Дома напротив были еще освещены солнцем, а в Аниной комнате уже смеркалось. Идти куда-то обедать не хотелось. Аня перебрала свои скудные запасы — мас­ло, хлеб, остатки ветчины, картошка... Ну и прекрасно, что может быть вкуснее вареной картошки с маслом?

Здравствуй, милая картошка-тошка-тошка, Пионеров идеал-ал-ал! Тот не знает наслажденья-денья-денья, Кто картошки не едал!

Песчаный берег реки Луги, домики среди сосен, вы­сокое пламя костра и спугивающие пионеров клубы дыма, бросаемые ветром то в одну сторону, то в другую. У костра проводит беседу самый старший из мальчиков, самый умный из мальчиков, Павлуша Карцев. Он слывет в лагере ученым, он читал все книги и знает все на свете. Павлуша рассказывает о молодых строителях Магнитогорска, Сталинградского тракторного, Комсо­мольска-на-Амуре... и часто, но сурово поглядывает на Аню. В то утро Аня нарочно, чтобы подразнить де­журного пловца Павлушу Карцева, нарушила приказ и переплыла коварную реку. Карцев догнал ее уже у са­мой отмели на том берегу. Он начал бранить ее за свое­волие, а она сказала: «Мне просто хотелось узнать — поплывешь ты за мной или нет?» Карцев покраснел и сердито сказал: «Как же мне не плыть, когда я дежур­ный? Ну, давай обратно. Давай, давай!» Она спросила: «А если бы не дежурил — не поплыл бы?» Он прикрик­нул: «Давай плыви, не то!..» Она плыла разными сти­лями, ныряла, ложилась на спину и подшучивала над Павлушей, что он, хочет или не хочет, должен будет спасти ее, если она начнет тонуть. А у него был вид сердитый и беззащитный, и когда вышли на песок — пошел прочь, не оборачиваясь, длинноногий, худой, взволнованный...

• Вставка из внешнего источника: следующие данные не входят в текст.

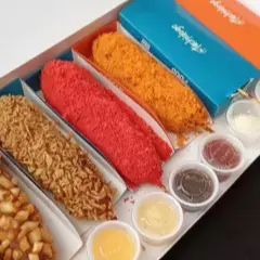 Banderilla cubierta de fideos ramen súper crujientes, rellénala a tu gusto: salchicha, queso manchego derretido o combinada, dale tu toque eligiendo 2 salsas de nuestras 14 opciones exclusivas, pro tip, mejora la experiencia agregando tu refresco favorito aquí mismo.
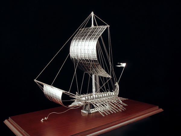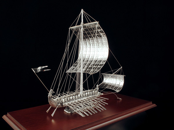 Ασημένια τριήρης, κατασκευασμένη από φύλλο αργύρου 925ο, σε βάση ξύλινη με κάλυμμα plexiglas, διαστάσεων 46x24x35 cm. Διατίθεται επίσης και με επίχρυσες λεπτομέρειες.

И это его — нет? Этого тела, этих умных и добрых глаз, этого лица с рассеянным, всегда во что-то углуб­ленным, задумчивым выражением, этого голоса... Нет? Совсем, навсегда нет?.. Был — и нет. И следа не оста­лось. И могилы не осталось. Ничего...

Картошка закипела, тоненько посвистывал пар. От электрической плитки веяло жаром, из-под кастрюльки выступал раскаленный малиновый ободок. А за окном медленно угасал весенний день.

Одна, Аня. Одна, и только воспоминания с тобою. У всех есть хоть кто-то — муж, или дети, или родные. А ты одна. Совсем одна. И нелепо думать, что кто-то за­менит Павлушу, что полюбишь снова...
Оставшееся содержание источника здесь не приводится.